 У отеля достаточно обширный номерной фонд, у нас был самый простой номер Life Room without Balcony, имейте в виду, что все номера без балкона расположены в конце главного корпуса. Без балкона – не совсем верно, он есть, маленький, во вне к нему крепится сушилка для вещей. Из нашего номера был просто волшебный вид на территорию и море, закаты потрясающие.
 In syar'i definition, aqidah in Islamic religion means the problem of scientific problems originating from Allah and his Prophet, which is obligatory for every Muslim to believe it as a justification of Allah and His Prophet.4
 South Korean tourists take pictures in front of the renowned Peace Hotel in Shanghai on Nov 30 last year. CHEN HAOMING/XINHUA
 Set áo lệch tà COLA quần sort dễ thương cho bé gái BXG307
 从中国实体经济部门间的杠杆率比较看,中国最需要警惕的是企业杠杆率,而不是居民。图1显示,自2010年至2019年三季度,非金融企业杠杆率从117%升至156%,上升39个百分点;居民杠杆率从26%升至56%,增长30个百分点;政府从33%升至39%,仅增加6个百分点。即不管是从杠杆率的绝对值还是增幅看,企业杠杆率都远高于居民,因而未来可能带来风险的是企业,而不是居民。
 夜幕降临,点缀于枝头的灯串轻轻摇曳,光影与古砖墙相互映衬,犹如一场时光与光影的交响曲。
****
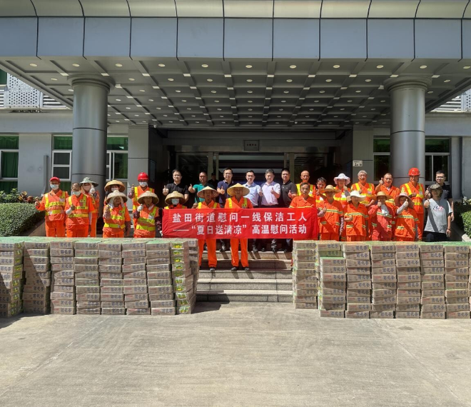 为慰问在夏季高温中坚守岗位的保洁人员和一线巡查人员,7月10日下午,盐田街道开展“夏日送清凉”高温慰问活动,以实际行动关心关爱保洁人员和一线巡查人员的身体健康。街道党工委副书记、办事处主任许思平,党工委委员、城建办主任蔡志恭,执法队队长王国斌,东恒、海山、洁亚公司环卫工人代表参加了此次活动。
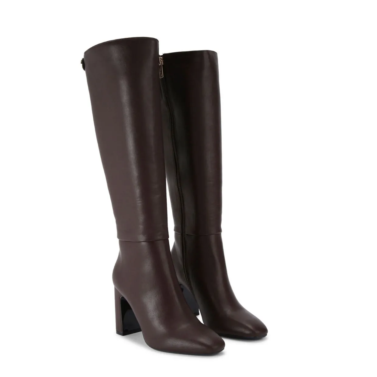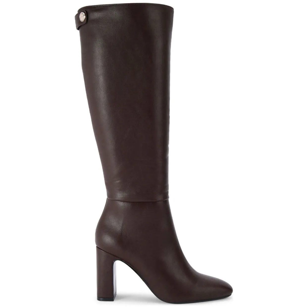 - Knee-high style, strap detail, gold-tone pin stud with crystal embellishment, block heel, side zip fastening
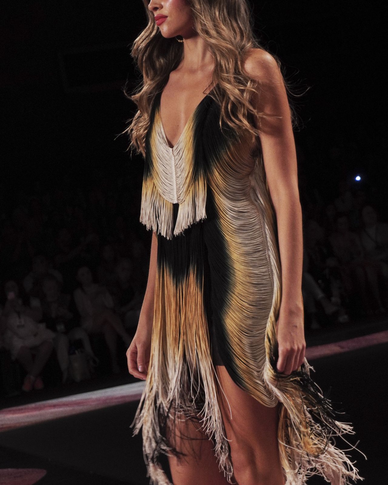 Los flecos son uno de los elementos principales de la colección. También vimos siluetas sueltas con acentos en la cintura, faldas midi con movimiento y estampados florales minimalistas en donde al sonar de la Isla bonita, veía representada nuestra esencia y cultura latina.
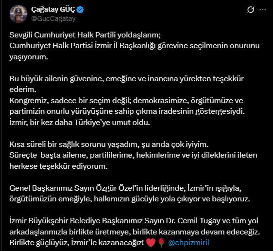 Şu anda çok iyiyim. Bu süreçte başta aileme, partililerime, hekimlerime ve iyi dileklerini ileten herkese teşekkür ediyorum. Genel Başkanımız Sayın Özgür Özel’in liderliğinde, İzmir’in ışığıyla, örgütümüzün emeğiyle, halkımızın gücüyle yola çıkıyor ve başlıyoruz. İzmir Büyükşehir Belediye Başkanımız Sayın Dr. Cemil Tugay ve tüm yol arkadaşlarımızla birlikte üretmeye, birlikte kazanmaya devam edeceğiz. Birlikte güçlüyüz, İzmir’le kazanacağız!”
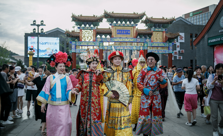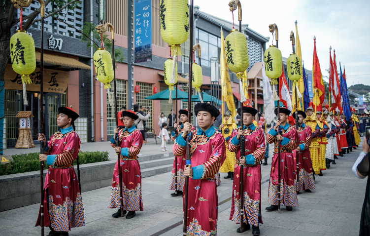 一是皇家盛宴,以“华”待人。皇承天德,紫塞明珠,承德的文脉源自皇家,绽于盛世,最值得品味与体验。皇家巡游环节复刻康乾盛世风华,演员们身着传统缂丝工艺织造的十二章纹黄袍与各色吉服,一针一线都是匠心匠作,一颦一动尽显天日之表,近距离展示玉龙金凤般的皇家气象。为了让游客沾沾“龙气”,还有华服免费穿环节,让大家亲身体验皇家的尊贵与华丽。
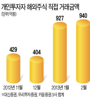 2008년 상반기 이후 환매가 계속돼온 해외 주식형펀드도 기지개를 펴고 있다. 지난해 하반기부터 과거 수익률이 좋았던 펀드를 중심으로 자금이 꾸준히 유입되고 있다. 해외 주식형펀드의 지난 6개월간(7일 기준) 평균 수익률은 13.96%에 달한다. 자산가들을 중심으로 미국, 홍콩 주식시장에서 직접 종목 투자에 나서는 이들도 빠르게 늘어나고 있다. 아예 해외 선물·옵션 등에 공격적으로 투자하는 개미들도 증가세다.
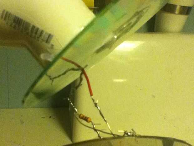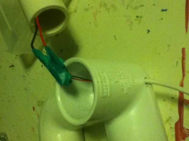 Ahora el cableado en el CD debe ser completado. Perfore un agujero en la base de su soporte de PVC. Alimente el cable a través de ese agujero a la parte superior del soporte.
****
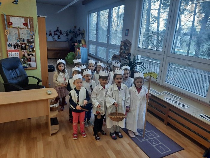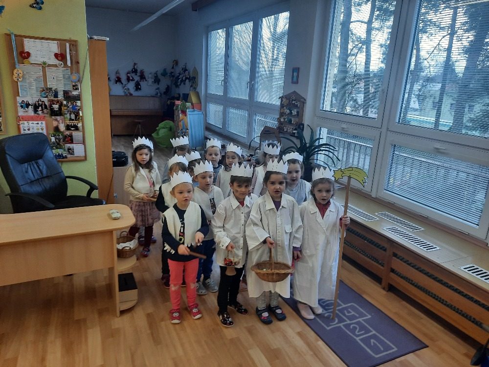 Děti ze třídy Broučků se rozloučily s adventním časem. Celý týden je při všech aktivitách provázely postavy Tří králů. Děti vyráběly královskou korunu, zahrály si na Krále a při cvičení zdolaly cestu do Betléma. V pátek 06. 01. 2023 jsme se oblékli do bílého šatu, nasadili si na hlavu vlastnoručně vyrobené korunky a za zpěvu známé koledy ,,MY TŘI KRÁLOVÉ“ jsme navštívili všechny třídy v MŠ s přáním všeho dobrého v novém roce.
****
How to complete this task: In the entries above, the lines from the one bearing "In syar'i definition, aqidah" up to and including the one bearing "夜幕降临,点缀于枝头的灯串轻" should be transcribed exactly; no other line is wanted.

Output of the task:
 In syar'i definition, aqidah in Islamic religion means the problem of scientific problems originating from Allah and his Prophet, which is obligatory for every Muslim to believe it as a justification of Allah and His Prophet.4
 South Korean tourists take pictures in front of the renowned Peace Hotel in Shanghai on Nov 30 last year. CHEN HAOMING/XINHUA
 Set áo lệch tà COLA quần sort dễ thương cho bé gái BXG307
 从中国实体经济部门间的杠杆率比较看,中国最需要警惕的是企业杠杆率,而不是居民。图1显示,自2010年至2019年三季度,非金融企业杠杆率从117%升至156%,上升39个百分点;居民杠杆率从26%升至56%,增长30个百分点;政府从33%升至39%,仅增加6个百分点。即不管是从杠杆率的绝对值还是增幅看,企业杠杆率都远高于居民,因而未来可能带来风险的是企业,而不是居民。
 夜幕降临,点缀于枝头的灯串轻轻摇曳,光影与古砖墙相互映衬,犹如一场时光与光影的交响曲。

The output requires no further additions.